Истинная победа над злом достигается через то, что человек начинает жить, а не бороться, начинает жить с Богом, заключая завет с Ним, входя в общение. Жизнь в миротворчестве, с Богом — это способность общения с Богом, потому что общение и есть плод мира, благоденствия.

Способность и возможность общения и есть плод примиренности, плод мира и мирного противостояния злу, плод жизни в мире и, как следствие этого, общение является признаком Царства Небесного. Участие в Евхаристии мы называем приобщением. Говорим: приобщились, то есть мы соединились через причастие со Христом и друг с другом.

Так через способность сохранять общение с каждым в этом мире, с каждым из этого общества, мы преодолеваем зло, потому что зло и, как конечное проявление зла, — смерть, есть разрушение общения, разрушение отношений или их прекращение.

Уходя от общения, от диалога, мы уступаем силе зла. Только через общение Церкви с обществом, если Церковь живет по законам Церкви, мы можем противостоять злу этого мира.

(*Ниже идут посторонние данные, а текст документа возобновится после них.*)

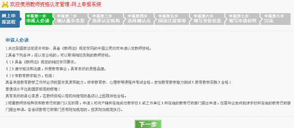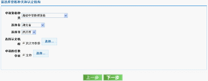 首先選擇資格種類(lèi),根據(jù)選定的資格種類(lèi)控制認(rèn)定機(jī)構(gòu)下拉列表的顯示內(nèi)容。選擇省和選擇市作為篩選認(rèn)定機(jī)構(gòu)的條件,選擇了省或市后,點(diǎn)擊選擇認(rèn)定機(jī)構(gòu)后的“選擇”按鈕,則會(huì)顯示出所選省及市下所有能認(rèn)定申報(bào)的教師資格的認(rèn)定機(jī)構(gòu)。如果所選擇的認(rèn)定機(jī)構(gòu)沒(méi)有開(kāi)通網(wǎng)報(bào)或者網(wǎng)報(bào)時(shí)間未到以及過(guò)了網(wǎng)報(bào)時(shí)間,則會(huì)給出提示,不能進(jìn)行下一步,否則點(diǎn)擊下一步后進(jìn)入申報(bào)第四步。

Миротворение — это всегда жертва. Мир приобретен жертвой Христа. Часто у миротворца возникает мысль о том, что все его усилия бесполезны, не помогают, мир не становится лучше. Но, как ни странно, именно этим погружением в кажущуюся тщетность, умалением достигается мир. Если для человека становится что?то невозможным, значит, время действовать Господу, время творить мир.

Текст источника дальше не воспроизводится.